What the task requires: Transcribe exactly, and without pictures, only the lines from the one bearing "HINT: After cutting" through the final line of the data below.

Recorded information:

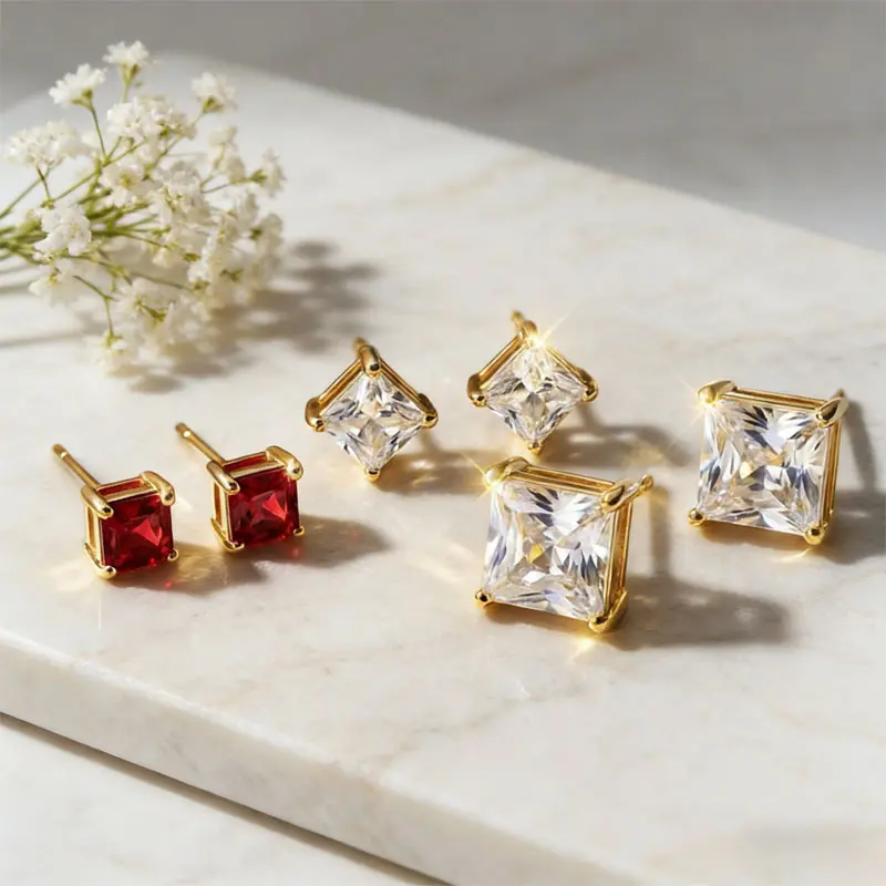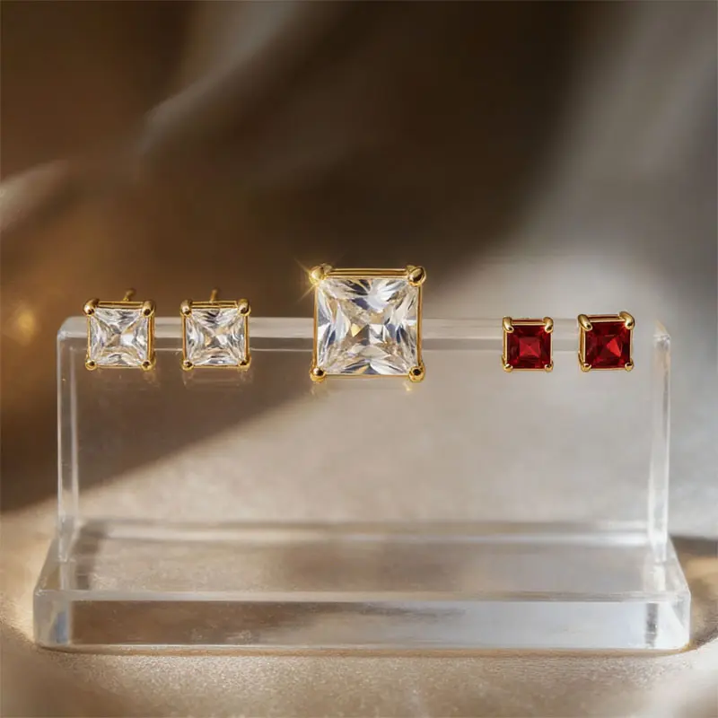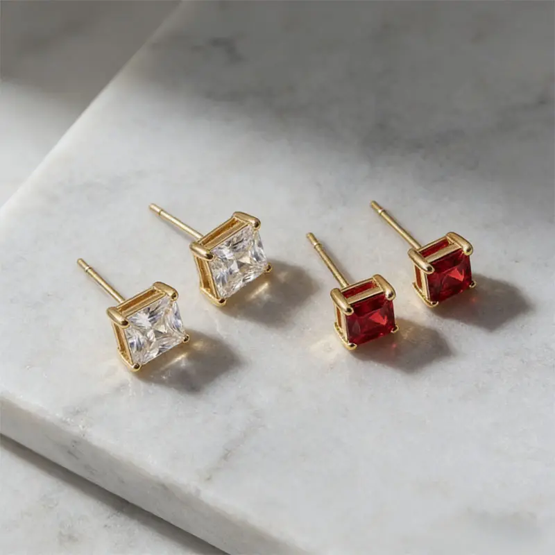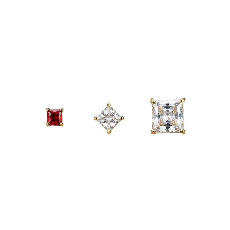 Stone Detail: Brilliant square-cut clear & red zircon stones set in gold for a luxurious, eye-catching sparkle that catches the light beautifully
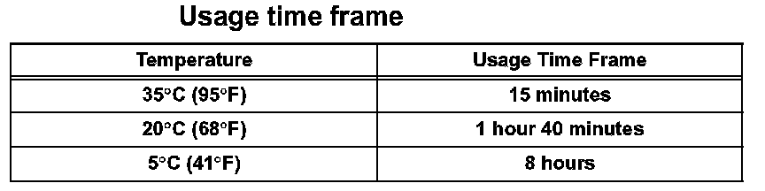 HINT: After cutting off the tip, use all adhesive within the time indicated in the table bellow.
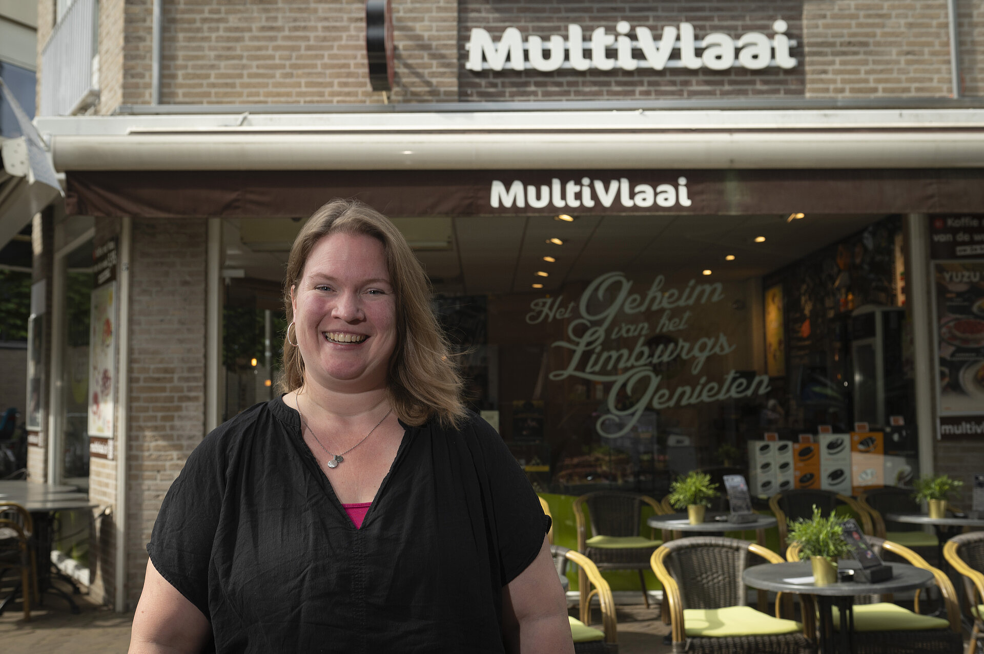 Sinds een jaar is ze de nieuwe eigenaresse van Multi Vlaai Tilburg. De goedlachse Kim Smulders is blij met het goede contact tussen de ondernemers op de Oude Markt. “We lopen gemakkelijk bij elkaar binnen. En het is fijn dat we onze terrassen en dit straatje samen schoonhouden.” Kim zit met haar zaak op de hoek. Dat zorgt ook voor extra uitdaging.

Exercise response:
 HINT: After cutting off the tip, use all adhesive within the time indicated in the table bellow.
 Sinds een jaar is ze de nieuwe eigenaresse van Multi Vlaai Tilburg. De goedlachse Kim Smulders is blij met het goede contact tussen de ondernemers op de Oude Markt. “We lopen gemakkelijk bij elkaar binnen. En het is fijn dat we onze terrassen en dit straatje samen schoonhouden.” Kim zit met haar zaak op de hoek. Dat zorgt ook voor extra uitdaging.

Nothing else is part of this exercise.